Янтарная комната — страница 67 из 83

— Не делай этого, Ларри, — сказал он тихо и осторожно. — В одиночестве ты — ноль. Только со мной ты будешь иметь виллу в Майами. Мы одна команда, пойми! Давай, садись в машину Ноя. Я поеду впереди.

— Зачем тебе надо было резать ему грудь?

Ларри убрал пистолет в кобуру. Джо облегчённо вздохнул. «Пронесло, — подумал он. — Ларри такой чувствительный, могло и коротнуть».

— Когда его найдут, то подумают, что это сделал немецкий Вервольф. А еще решат, что нас похитили, или убили и закопали. Тогда нас вычеркнут из списков. Головой надо думать, Ларри.

— Ты гангстер, Джо, — прошептал Ларри. — Точно, гангстер. Теперь я знаю. И миллионы твоего отца… грязные деньги. Да и Уильямсы ли вы?

Уильямсу было не до обид, поэтому он быстро ответил:

— Правда ли мы Уильямсы? Мой отец был умным парнем, никогда не находился под подозрением, его ни разу не арестовали и никогда ни в чём-либо не обвиняли. Как это у него получалось? Вместе с одной подпольной организацией он выискивал красоток и продавал их в южноамериканские бордели. Не в Америку. Англичанки, шведки, финки, прекрасные куколки из Кореи, Филиппин, Гонконга, Сингапура и Макао, коричневые красавицы из Самоа, Таити, Фиджи и с островов Кука… Ларри, они расходились, как горячие пирожки. После пятидесяти он отошёл от дел, занялся благотворительностью и приобрел такую известность, что его выбрали в Сенат. — Уильямс широко улыбнулся Бруксу. — Это честный бизнес, Ларри. Одни торгуют машинами и апельсинами, другие — своими прелестями.

— Ты хладнокровный убийца!

— Вообще-то, это ты, Ларри, малыш. Давай, садись! Мы отгоним машину Ноя туда, где её найдут.

Они оставили машину Ноя позади пустого, полуразвалившегося сарая на краю поля и вернулись к горе Тауфштайн.

Двумя месяцами позже, в июне, через полтора месяца после окончания войны, жители Кронберга сообщили, что на лесной поляне уже около трёх недель стоят два американских грузовика. Без водителей. Это было очень странно. Примчался джип военной полиции, грузовики проверили, установили, что баки наполовину полны, и отогнали машины в штаб-квартиру во Франкфурте. Там по номерам быстро установили, что грузовики входили в транспортную колонну Третьей армии и в списке потерь за 16 апреля внесены как пропавшие без вести, с отметкой «предположительно нападение Вервольфа». Дело объединили с сообщением об убитом солдате Ное Ролингсе и позже найденной машине.

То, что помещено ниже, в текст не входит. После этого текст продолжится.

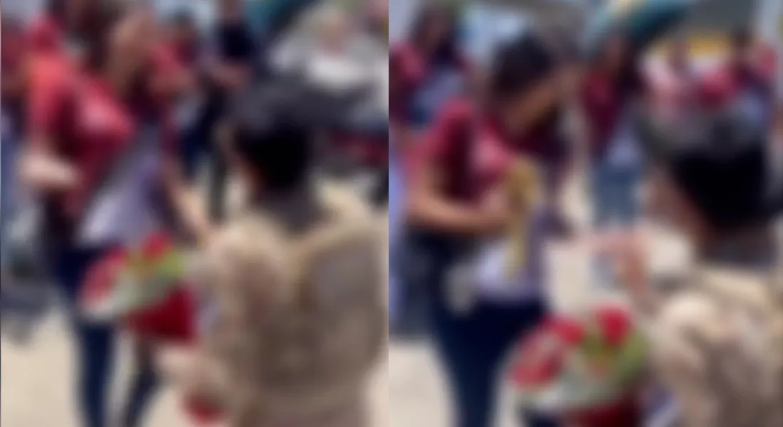 Relatos indicam que a adolescente tem 15 anos e ela aparece no vídeo com uma farda onde se lê “concluintes 2023” do 9º Ano do Ensino Fundamental. Também há informações de que o policial teria chegado ao local de viatura, acompanhado de colegas de farda.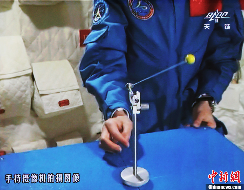 6月20日10時許,神舟十號航天員在天宮一號開展基礎(chǔ)物理實驗,為青少年進(jìn)行中國首次太空授課。圖為王亞平講授太空失重提供條件下的單擺演示。中新社發(fā) 秦憲安 攝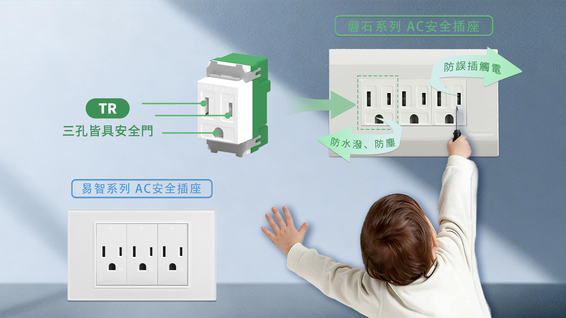 為了家中的孩子安全與生命財產安全的維護,現在就檢視家中的插座,將危險的「一般傳統的AC插座」升級為三孔全具備安全門的“AC安全插座(TR)”;讓它來防護居家安全及阻止意外的發生吧!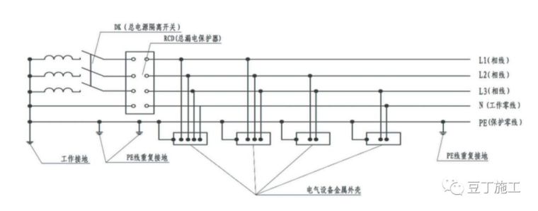 临时用电工程电源中性点直接接地的220/380V低压电力系统必须采用TN-S接零保护系统,即电源端直接接地,电气装置的外露导电部分与配电系统的接地点直接做电气连接(即采用保护接零),中性导体和保护导体分开设置。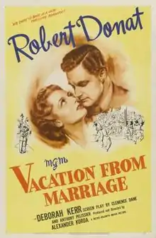 Perfect Strangers (United States title: Vacation from Marriage), is a 1945 British drama film made by London Films. It stars Robert Donat and Deborah Kerr as a married couple whose relationship is shaken by their service in the Second World War. The supporting cast includes Glynis Johns, Ann Todd and Roland Culver. It was produced and directed by Alexander Korda from a screenplay by Clemence Dane and Anthony Pelissier based on a story by Clemence Dane. Dane won the Academy Award for Best Story. The music score was by Clifton Parker and the cinematography by Georges Périnal.[1]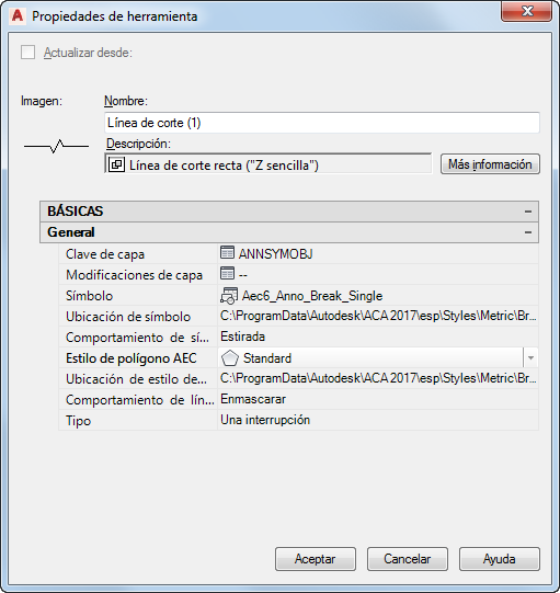 Estilo de polígono AEC | Especifica si la marca de interrupción tiene propiedades de máscara. Si esta propiedad no está definida (--), se usa el estilo predeterminado estándar. |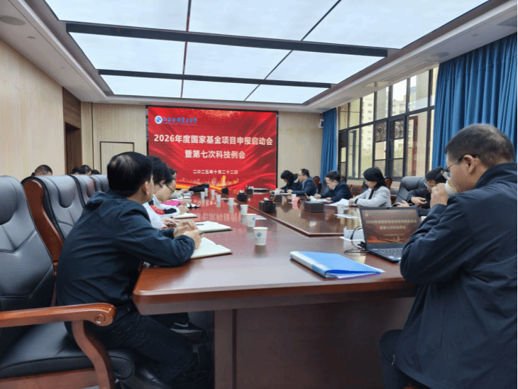 10月22日,学校召开2026年度国家基金项目申报启动会暨第七次科技例会。校党委书记汪胜前出席并讲话,学术副校长王媛主持,科学技术处、各学院行政负责人及科技工作分管领导、各科研平台专职副主任参加。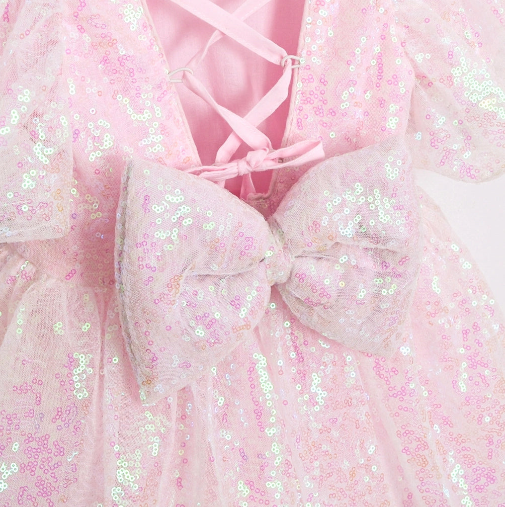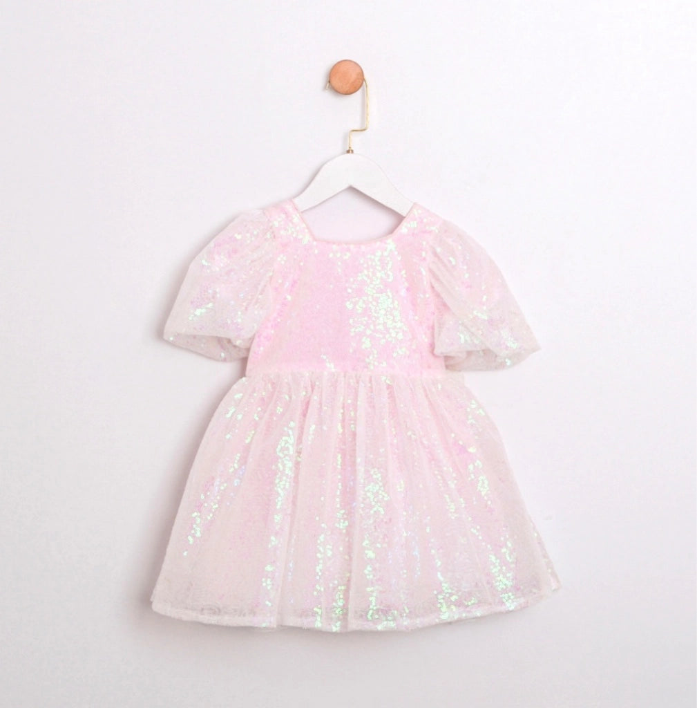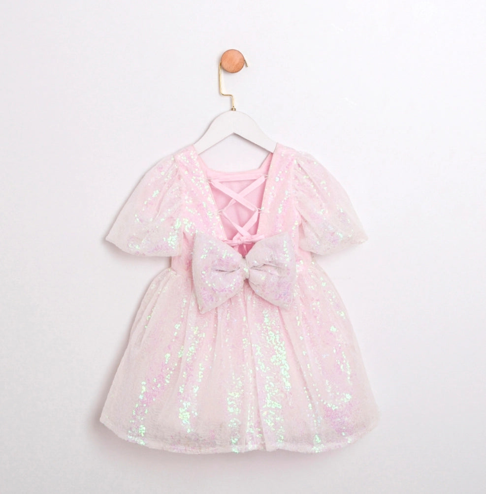 🩰 Glitter Dream – Sparkling Pink Girls' Dress The dance of sparkle and elegance comes to life in this stunning dress! With color-shifting sequins that catch the light and a stylish lace-up back detail, this piece is every little princess’s dream come true.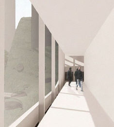 et le mouvement des visiteurs sont visible et exposés en tout point de l’espace. Le musée s’anime au rythme des déplacements des visiteurs. Dans le but de répondre à la Place des festivals faisant face au site, un socle vient s’abaisser pour venir chercher les visiteurs. Ce socle vient être transpercé par des volumes comprenant les salles d’expositions. Ces monolithes se prolongent jusqu’à l’intérieur et viennent chercher les visiteurs dès l’entrée. Les circulations gravitent en périphérie des volumes dans un espace interstitiel entre les salles d’expositions et la façade. Le mouvement des visiteurs est capté par des parois translucides et donne vie aux façades. En soirée, le musée s’illumine pour révéler la profondeur de sa structure et la nature des activités qui s’y déroulent. Les parois translucides reçoivent des projections pour poursuivre l’exposition en dehors des heures d’ouvertures du musée.

Дело было рассмотрено и закрыто. Джо Уильямс и Ларри Брукс исчезли, но очевидно, вряд ли остались в живых. Ответственный офицер Третьей армии объявил их мёртвыми и направил уведомления родственникам.

Родители Ларри всплакнули, хотя в последние годы Ларри редко у них показывался. Старый Уильямс поставил на семейном кладбище в Уайтсэнс мраморный обелиск в память о сыне и торжественно освятил его с воинскими почестями и салютом. Только миссис ВУильямс, всю жизнь считавшая, что муж и в самом деле торгует хлопком и арахисом, и знавшая о проблемах с сыном, смело предположила:

— Кто знает, может, это и к лучшему. Джо был совсем не похож на нас.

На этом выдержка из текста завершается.